Corporate Governance - Directors' Duties and Powers Flashcards
1
Q
What are the seven Statutory Directors’ Duties arising under the Companies Act 2006?
A
- To act within their proper powers and use them for a proper purpose, in accordance with the company’s constitution (s.171, CA ‘06).
- To promote the success of the company for the members as a whole (s.172, CA ‘06).
- To exercise independent judgement (s.173, CA ‘06).
- Discretion must not be fettered but may be restricted by company agreements. - To use reasonable care, skill and diligence (s.174, CA ‘06).
- To avoid actual/potential and direct/indirect conflicts of interest (s.175, CA ‘06) => board may authorise conflicts (Regal Hastings v Gulliver).
- Not to accept benefits from third parties (s.176, CA ‘06) => board cannot authorise; BA ‘10 overlap.
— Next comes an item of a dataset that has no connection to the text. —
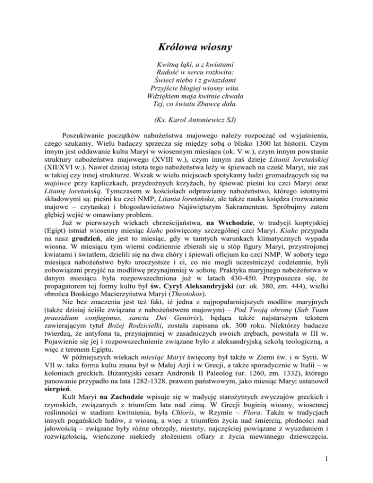 Królowa wiosny Kwitną łąki, a z kwiatami Radość w sercu rozkwita: Świeci niebo i z gwiazdami Przyjście błogiej wiosny wita. Wdziękiem maja kwitnie chwała Tej, co światu Zbawcę dała. (Ks. Karol Antoniewicz SJ) Poszukiwanie początków nabożeństwa majowego należy rozpocząć od wyjaśnienia, czego szukamy. Wielu badaczy sprzecza się między sobą o blisko 1300 lat historii. Czym innym jest oddawanie kultu Maryi w wiosennym miesiącu (ok. V w.), czym innym powstanie struktury nabożeństwa majowego (XVIII w.), czym innym zaś dzieje Litanii loretańskiej (XII/XVI w.). Nawet dzisiaj istota tego nabożeństwa leży w śpiewach na cześć Maryi, nie zaś w takiej czy innej strukturze. Wszak w wielu miejscach spotykamy ludzi gromadzących się na majówce przy kapliczkach, przydrożnych krzyżach, by śpiewać pieśni ku czci Maryi oraz Litanię loretańską. Tymczasem w kościołach odprawiamy nabożeństwo, którego istotnymi składowymi są: pieśni ku czci NMP, Litania loretańska, ale także nauka księdza (rozważanie majowe – czytanka) i błogosławieństwo Najświętszym Sakramentem. Spróbujmy zatem głębiej wejść w omawiany problem. Już w pierwszych wiekach chrześcijaństwa, na Wschodzie, w tradycji koptyjskiej (Egipt) istniał wiosenny miesiąc kiahc poświęcony szczególnej czci Maryi. Kiahc przypada na nasz grudzień, ale jest to miesiąc, gdy w tamtych warunkach klimatycznych wypada wiosna. W miesiącu tym wierni codziennie zbierali się u stóp figury Maryi, przystrojonej kwiatami i światłem, dzielili się na dwa chóry i śpiewali oficjum ku czci NMP. W soboty tego miesiąca nabożeństwo było uroczystsze i ci, co nie mogli uczestniczyć codziennie, byli zobowiązani przyjść na modlitwę przynajmniej w sobotę. Praktyka maryjnego nabożeństwa w danym miesiącu była rozpowszechniona już w latach 430-450. Przypuszcza się, że propagatorem tej formy kultu był św. Cyryl Aleksandryjski (ur. ok. 380, zm. 444), wielki obrońca Boskiego Macierzyństwa Maryi (Theotokos). Nie bez znaczenia jest też fakt, iż jedna z najpopularniejszych modlitw maryjnych (także dzisiaj ściśle związana z nabożeństwem majowym) – Pod Twoją obronę (Sub Tuum praesidium confugimus, sancta Dei Genitrix), będąca także najstarszym tekstem zawierającym tytuł Bożej Rodzicielki, została zapisana ok. 300 roku. Niektórzy badacze twierdzą, że antyfona ta, przynajmniej w zasadniczych swoich zrębach, powstała w III w. Pojawienie się jej i rozpowszechnienie związane było z aleksandryjską szkołą teologiczną, a więc z terenem Egiptu. W późniejszych wiekach miesiąc Maryi święcony był także w Ziemi św. i w Syrii. W VII w. taka forma kultu znana był w Małej Azji i w Grecji, a także sporadycznie w Italii – w koloniach greckich. Bizantyjski cesarz Andronik II Paleolog (ur. 1260, zm. 1332), którego panowanie przypadło na lata 1282-1328, prawem państwowym, jako miesiąc Maryi ustanowił sierpień. Kult Maryi na Zachodzie wpisuje się w tradycję starożytnych zwyczajów greckich i rzymskich, związanych z triumfem lata nad zimą. W Grecji boginią wiosny, wiosennej roślinności w stadium kwitnienia, była Chloris, w Rzymie – Flora. Także w tradycjach innych pogańskich ludów, z wiosną, a więc z triumfem życia nad śmiercią, płodności nad jałowością – związane były różne obrzędy, niestety, najczęściej powiązane z wyuzdaniem i rozwiązłością, wieńczone niekiedy złożeniem ofiary z życia niewinnego dziewczęcia. 1 Czciciele Maryi Dziewicy, widząc jak nienawidzący człowieka szatan korzysta z piękna wiosny i odżywania fizycznych sił człowieka, doprowadzając do wynaturzenia i śmierci niewinnego człowieka – postanowili zwrócić wiosenne uniesienie ku szlachetnemu celowi. Między innymi tak zrodził się na Zachodzie pomysł związania najbardziej wiosennego miesiąca, jakim jest maj, z osobą Maryi Dziewicy, a więc z największym arcydziełem rąk Wszechmocnego, piękniejszym nad najpiękniejsze kwiaty. Maryja jest Kwiatem, który po śmierci grzechu rozkwita, by narodzić owoc dający życie wieczne – Jezusa Chrystusa. W ten sposób wiosenne uniesienie człowieka skierowano ku czystości i pięknu. Hiszpański król Alfons X Mądry (ur. 1221, zm. 1284) rozpowszechnił ten pomysł poprzez swoją poetycką twórczość i królewski autorytet. Jest on m.in. autorem ok. 450 pieśni religijnych ku czci Matki Boskiej (Cantigas de Santa Maria), pośród których znajduje się poemat Ben vennas, Mayo. Król błogosławi w nim nadejście miesiąca maja, który swym pięknem zaprasza nas do modlitwy i śpiewu na cześć Maryi, by wyrwać człowieka z nocy błędów, obronić przed napaściami szatana, zachować od wszelkiej przeciwności i nieszczęścia. Dzięki królowi, w Hiszpanii rozpowszechnił się zwyczaj gromadzenia się codziennie w maju przed wizerunkami Bogarodzicy. Z Hiszpanii zwyczaj ten szybko rozprzestrzenił się na sąsiednią Portugalię, a następnie trafił do Włoch i do niektórych części Niemiec. Także w Notre Dame w Paryżu, od połowy XIV w., cech paryskich złotników corocznie w dniu 1 maja kwiatami i zielenią stroił ołtarz Matki Bożej. Drugim na Zachodzie gorącym propagatorem kultu maryjnego w miesiącu maju był niemiecki dominikanin bł. Henryk Suzo (ur. 1295, zm. 1366) – przyjaciel mistyka Jana Taulera i uczeń najwybitniejszego mistyka szkoły nadreńskiej Mistrza Eckharta. Już jako dziecko zbierał w maju kwiaty i niósł je do stóp Matki Bożej. Lubił z kwiatów pleść wieńce (zwłaszcza korony z róż) i kłaść je na głowę figur Bożej Rodzicielki. Był jednym z największych mistyków średniowiecza, wybitnych intelektualistów o poetyckiej wrażliwości. Jego kult Maryja nagrodziła wizjami chwały, jaką odbiera od Aniołów. W majowe dni, w swych wizjach słyszał śpiewy czystych duchów, które m.in. uwielbiały Ją ulubionym hymnem Maryi – Magnificat. W swyc

- To declare any interests in proposed transactions (s.177, CA ‘06) => transaction voidance risk; conceivable director criminal liability.
2
Q
Where do a Director’s Powers generally originate from?
A
- Articles of Association.
- Board or shareholder resolutions.
- Company agreements.
3
Q
What six Factors shold a Director consider as part of the Duty to Promote the Company’s Success (s.172, CA ‘06)?
A
- The likely consequences of decisions in the long-term.
- The desirability of the company maintaining a reputation for high standards of business conduct.
- The interests of the company’s employees.
- The need to foster business relations with customers, suppliers and other stakeholders.
- The impact of the company’s operations on the community and the environment.
- The need to act fairly as between company members.
=> Section 172 considerations to be reported on within strategic report (s.414(c), CA ‘06).
4
Q
What does the Duty of Reasonable Care, Skill and Diligence require (s.174)?
A
- See Re D’Jan of London Ltd. for precursor to statutory duty.
- Two-pronged requirement: directors must behave as a reasonably diligent person with:
(i) the general knowledge, skill and experience that may be reasonable expected of a person acting as director for that company; and
(ii) the knowledge, skill and experience that director has. - Duty differs depending upon NEDs and EDs - for example, a finance director would be expected to have technical financial knowledge and also be expected such knowledge they have.
5
Q
What Legal Actions may arise against a Director in Contravention of a Duty?
A
- Derivative action:
- Brought by shareholder(s) on behalf of company;
- May cover actual/proposed actions;
- Any awards payable to company. - Insolvency practitioner-instigated claims.
- Fraudulent or wrongful trading under IA ‘86, if continue trading when insolvency and director aware that company cannot meet liabilities as they fall due..
6
Q
What is the Purpose of D&O Insurance?
A
- Provides financial protection to directors against actual or alleged wrongful acts when acting within scope of duties.
- May cover breach of duty, breach of trust, neglect, wrongful trading and misleading statements.
- Funds defence costs and financial losses.